Real durability. An item that lasts for years replaces dozens or even hundreds of disposable items. That's the first layer of sustainability: that it doesn't break, doesn't get thrown away, and remains useful. A 304 stainless steel bottle with a real lifetime guarantee is incomparable to a recycled plastic bottle that lasts a season.

Verifiable additional impact. The next level is that the object, in addition to being durable, generates a quantifiable positive impact. Not a percentage of sales "earmarked for environmental causes" without transparency about where the money goes. But concrete data: each unit funds X liters of drinking water in a specific project, with georeferenced photos and auditable reports.

Data you can use in your ESG report. For purchasing and sustainability managers, this is the criterion that transforms a corporate gift into a strategic investment. If the supplier can provide verifiable data on the impact of your order, that data becomes part of your sustainability reporting. The gift ceases to be an expense and becomes a reportable action.

How to evaluate a sustainable corporate gift proposal

Before signing any order for corporate merchandise, these are the questions worth asking the supplier.

What materials do you use, and can you verify this? "Quality stainless steel" isn't enough. The difference between 304 and 201 stainless steel is real and affects long-term durability and food safety. A supplier who can't specify the steel grade can't guarantee the quality they promise.

What is the real guarantee? Not the minimum legal two-year guarantee. The brand guarantee, what the company does when the product fails. A clear, uncluttered claims process is the most honest indicator of how much the manufacturer believes in its own product.

Can you demonstrate the impact with data? If the proposal includes a sustainability or social impact dimension, request the data. Project name, location, impact metrics, who audits, and how often. If there's no specific data, there's marketing.

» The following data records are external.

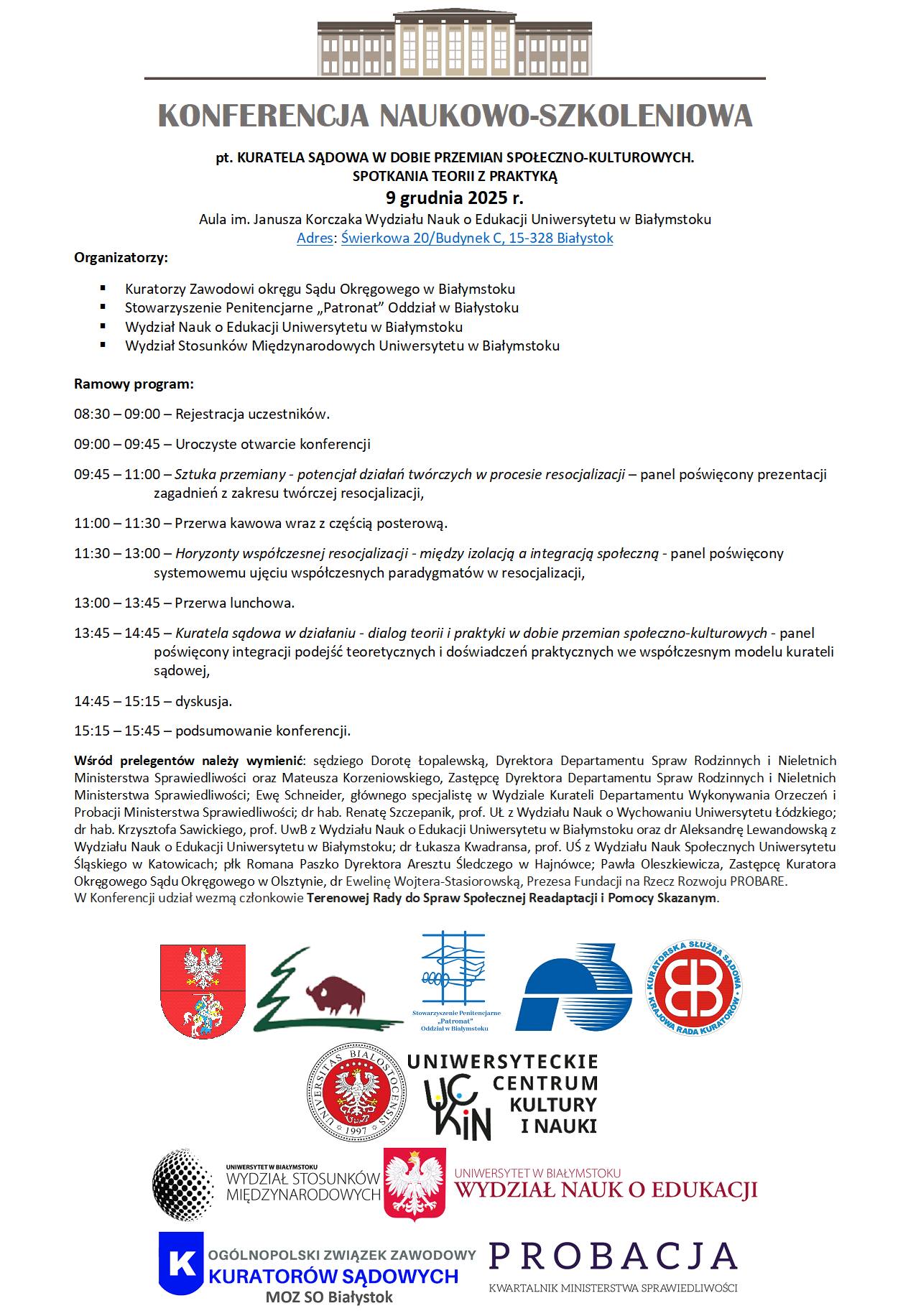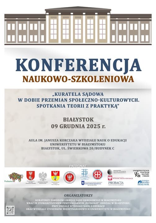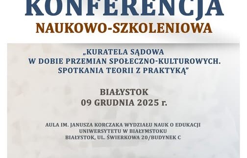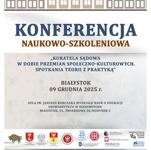 Zapraszamy na 📚Konferencję naukowo-szkoleniową „KURATELA SĄDOWA W DOBIE PRZEMIAN SPOŁECZNO-KULTUROWYCH”, która odbędzie się ⏰ 9 grudnia 2025 r. w Auli im. Janusza Korczaka Wydziału Nauk o Edukacji Uniwersytetu w Białymstoku (🏫ul. Świerkowa 20/Budynek C, 15-328 Białystok) organizowaną przez ⚖️Kuratorów Zawodowych Okręgu Sądu Okręgowego w Białymstoku, Stowarzyszenie Penitencjarne "Patronat" Oddział w Białymstoku, Wydział Nauk o Edukacji Uniwersytetu w Białymstoku, Wydział Stosunków Międzynarodowych - Uniwersytet w Białymstoku.
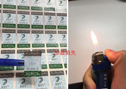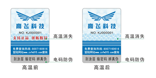 高温消失防伪标:主要作用于纸质不干胶、铜版纸、激光材质上面。是一种特殊油墨。一般印刷的颜色为红色、黑色。平常看印刷的内容与其他无异,也是做为一种隐藏性防伪技术使用。一般要注意的是带了高温消失技术的,过膜的实用效果。
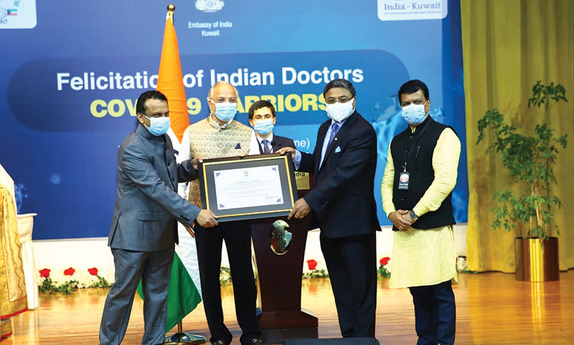 കുവൈത്ത് സിറ്റി: കോവിഡ് പ്രതിരോധത്തിന് ഉജ്ജ്വലമായി പ്രവർത്തിച്ച ഇന്ത്യൻ ഡോക്ടർമാരെ കുവൈത്തിലെ ഇന്ത്യൻ എംബസിയും ഇന്ത്യൻ പ്രഫഷനൽ നെറ്റ്വർക്കും ഇന്ത്യൻ ഡോക്ടേഴ്സ് ഫോറം കുവൈത്തും ചേർന്ന് അനുമോദിച്ചു.

Does the product pass the real-world use test? Request a sample. Use it yourself for a week. Would you take it to a client meeting? Would you choose it over other options you already have? If you wouldn't, don't expect your employees or clients to.

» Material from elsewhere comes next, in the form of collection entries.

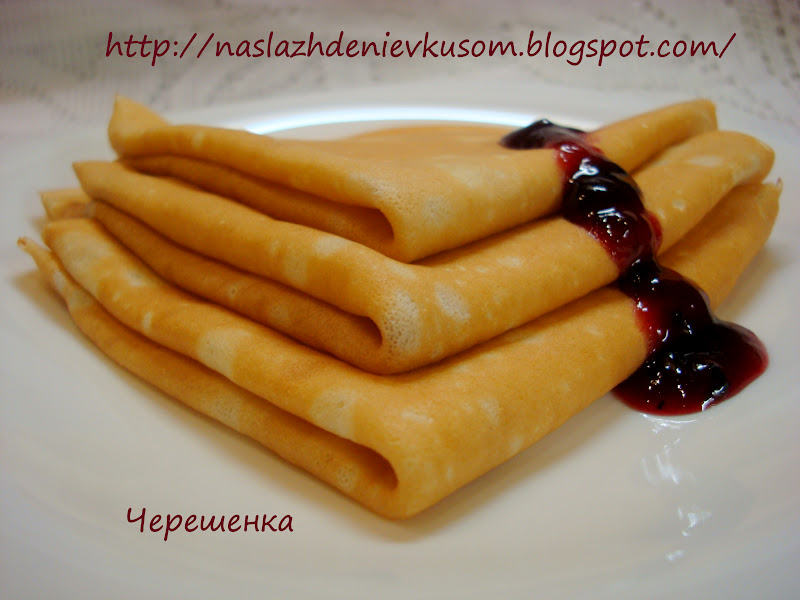 [400x300] Разновидностей блинов очень много! Я готовлю разные: на молоке, заварные, дрожжевые, манные, овсяные, мультизлаковые, гречневые… Да всех не перечислишь))) Сегодня я хочу поделиться с вами обыкновенным, базовым рецептом блинов, который передается у нас из поколения в поколение… Первый раз, я помню, попробовали такие блинчики еще у моей прабабушки, которая была кубанская казачка и жила в станице в Краснодарском крае… Потом с удовольствием кушала их у моей бабушки, потом у мамы, а сейчас радую ими своих деток! Рецепт очень простой, проверен годами, очень демократичный по своим ингредиентам… Блинчики получаются тоненькие, с небольшими дырочками, очень красивые, зажаристые и вкусные! На основе этих блинов можно делать блинчики с припеком, добавив в тесто то, что вам больше нравится. Например порезанное кубиками яблоко или грушу, рубленые яйца с зеленым луком, тыкву или морковь… Тут уже работает ваша фантазия… А можно нафаршировать их чем-нибудь и свернуть конвертиками или мешочками. У меня любимая начинка это рис с печенью, а мой сын больше всего любит творожную начинку. А какие шикарные блинные торты можно сделать на основе этих блинчиков… Одним словом, я даю вам базу, а вы уже на ее основе делаете что пожелаете!
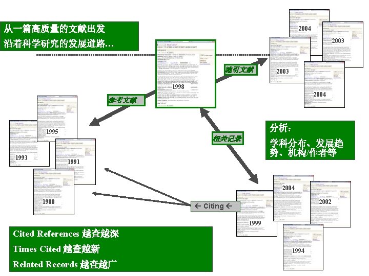 引文索引 • Dr. Garfield 1955年在 Science 发表 论文提出将引文索引作为一种新的文献 检索与分类 具。将一篇文献作为检索 字段从而跟踪一个Idea的发展过程 • 1963年出版 Science Citation Index • 1973年出版 Social Sciences Citation Index • 1978年出版Arts & Humanities Citation Index Dr. Eugene Garfield Founder & Chairman Emeritus ISI, Thomson Scientific “Our ultimate goal is to extend our retrospective coverage of the scientific literature back to the twentieth century. The Century of Science initiative makes that dream come true. ” 12
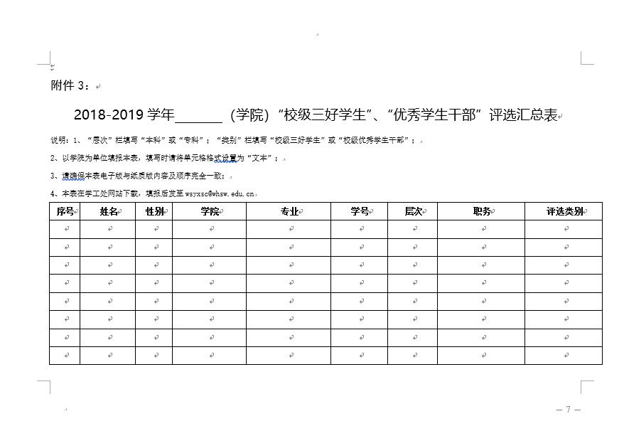 (二)各学院于9月13日前将《2018—2019学年度“校级三好学生”、“校级优秀学生干部”评选汇总表》(附件3)、评选报告(包括名额分配、评选过程、公示情况等内容)加盖学院党总支公章后,连同《2018—2019学年度校级 (奖项)申请表》一并交学生工作处,同时将填报的《2018—2019学年“校级三好学生”、“校级优秀学生干部”评选汇总表》电子版发送到学工信箱(wsyxsc@whsw.edu.cn)。
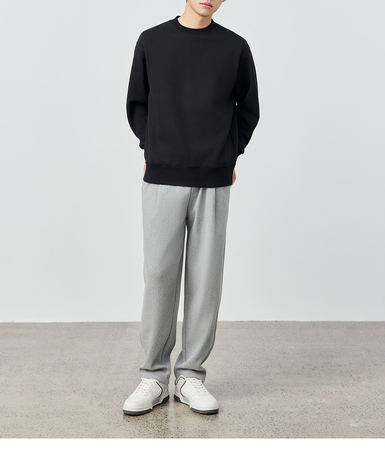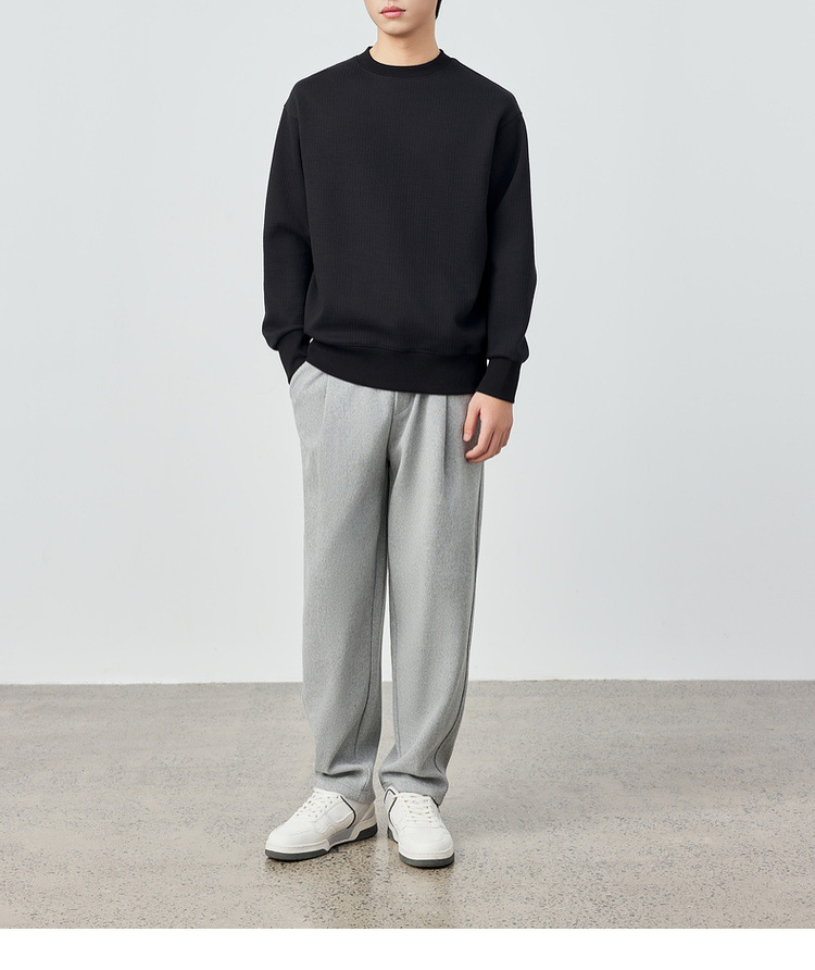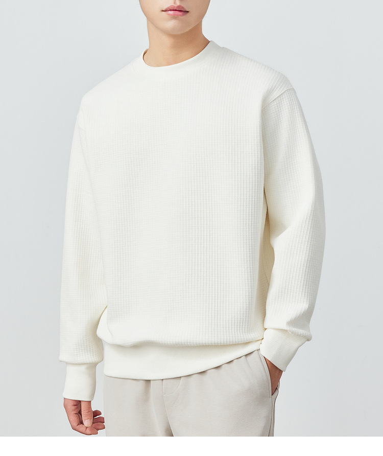 Mimaike 남자 320g 와플 질감 스웨터 남자 2025 봄 새로운 라운드 넥 남자 스웨터 55496
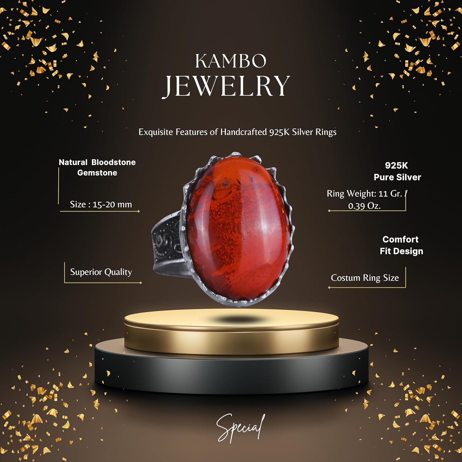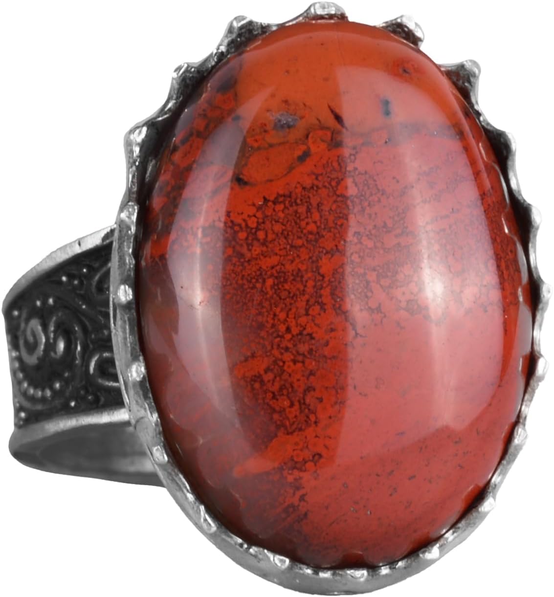 Gerçek Doğal Taş Yüzük - 925 Ayar Gümüş Büyük Yüzük - El Yapımı Yüzük (Kırmızı kan taşı)

What Fluye offers for businesses

We work with companies in Spain and Europe that are looking for two things: a truly high-quality corporate gift that their teams and customers will actually use, and a measurable impact that they can document.

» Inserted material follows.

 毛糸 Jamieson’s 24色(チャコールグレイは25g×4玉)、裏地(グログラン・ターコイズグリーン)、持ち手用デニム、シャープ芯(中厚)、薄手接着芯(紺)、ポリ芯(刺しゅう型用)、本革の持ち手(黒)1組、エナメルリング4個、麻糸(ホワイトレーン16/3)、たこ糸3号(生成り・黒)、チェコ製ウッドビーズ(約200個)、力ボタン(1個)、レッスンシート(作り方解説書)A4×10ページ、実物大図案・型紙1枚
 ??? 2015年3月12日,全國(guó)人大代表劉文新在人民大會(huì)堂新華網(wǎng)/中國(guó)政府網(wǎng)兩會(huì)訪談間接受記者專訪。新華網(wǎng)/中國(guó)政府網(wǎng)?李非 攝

Each Fluye bottle is made of 304 stainless steel, with double-wall vacuum insulation and a lifetime guarantee with no fine print. And each unit funds clean water access projects in communities in the high Andes of Peru, with verifiable data you can include in your sustainability reports.

We offer dry-engraved logos, without inks, for orders of 20 units or more. And an impactful dashboard that displays in real time the liters of water financed by your company's total bottle usage.

This isn't a pitch. It's what we do and how we do it. If it aligns with your needs, request a proposal here and we can discuss it.


Corporate merchandise that no one uses isn't a brand investment. It's just noise with a logo. By 2026, the difference between a corporate gift that works and one that doesn't will come down to a single question: Would you use it?